11. An object with a charge of +6.0 µC is 0.30 m from a second object and experiences an attractive force of 1.80 N. What is the magnitude of the charge on the second object? (µC = 1.0 × 10-6 C) (Answer: -3.0 µC)
Can someone please explain how to do this problem? I don't just want the answer, but i need to know the correct way to calculate it.
F=k•q₁•q₂/r²,
k =9•10⁹ N•m²/C²,
q₂ = F•r²/k•q₁ = 1.8•0.3²/9•10⁹•6•10⁻⁶ =
=3•10⁻⁶ C = 3 μC
Due to the attraction of the charges
q₂ = - 3 μC
To solve this problem, we can use Coulomb's Law, which states that the force between two charged objects is proportional to the product of their charges and inversely proportional to the square of the distance between them.
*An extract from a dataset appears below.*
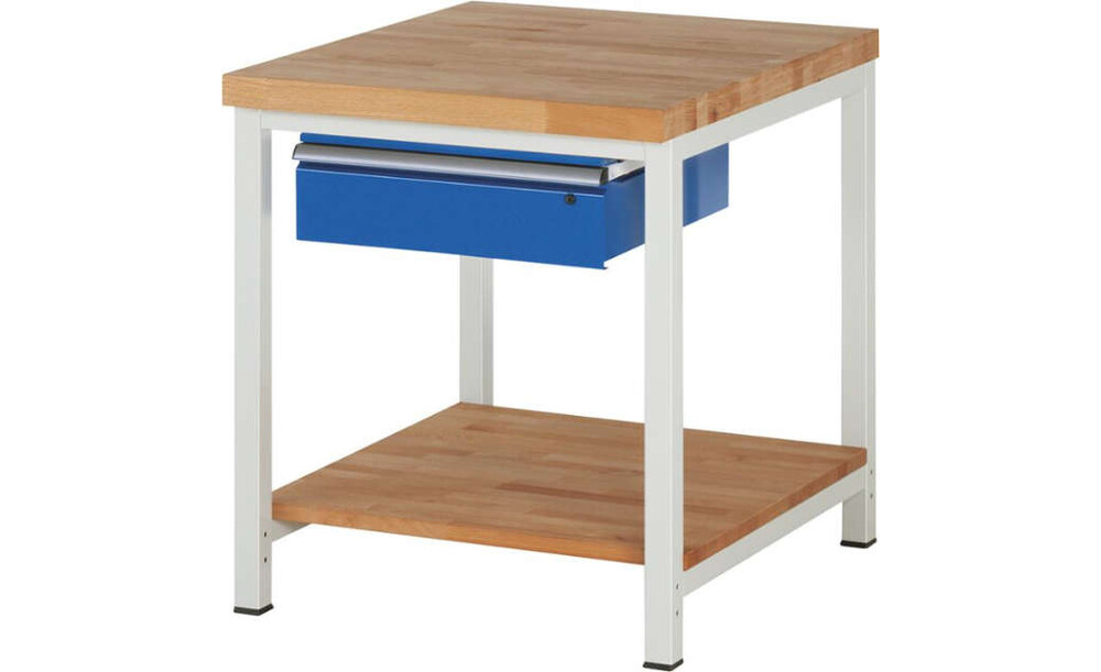 -Werkbank (mit 1 Schublade, FH 150 mm u. 1 x Buche massiv-Ablageboden), Tiefe 900 mm Die Werkbänke gibt es in 900 mm Tiefe.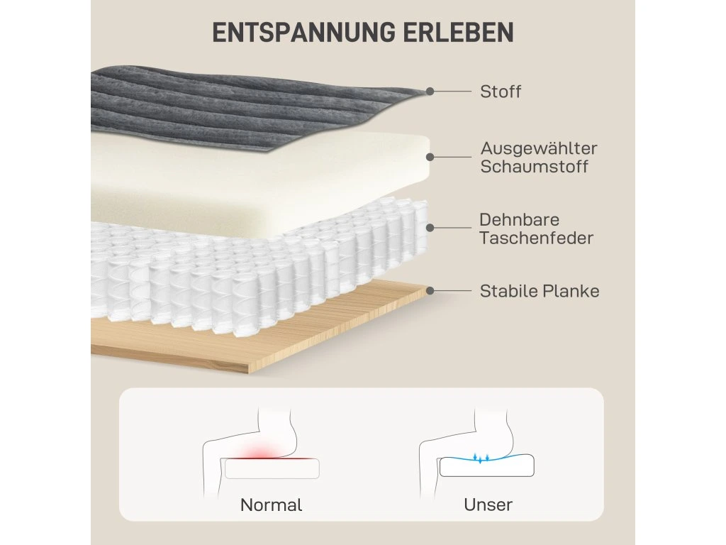 ✔ Taštičkové pružiny a silná pěna poskytují měkkost jako oblak a trvalou oporu

The formula for Coulomb's Law is:
F = k * (q1 * q2) / r^2
Where F is the force between the objects, k is the electrostatic constant (approximately 9 × 10^9 N m^2/C^2), q1 and q2 are the charges of the objects, and r is the distance between them.
In this problem, we are given the following information:
q1 = +6.0 µC = +6.0 × 10^-6 C
F = 1.80 N
r = 0.30 m
k = 9 × 10^9 N m^2/C^2
q2 = ?
We can rearrange the formula to solve for q2:
q2 = (F * r^2) / (k * q1)
Plugging in the given values:
q2 = (1.80 N * (0.30 m)^2) / (9 × 10^9 N m^2/C^2 * +6.0 × 10^-6 C)
Calculating this equation will give us the magnitude of the charge on the second object.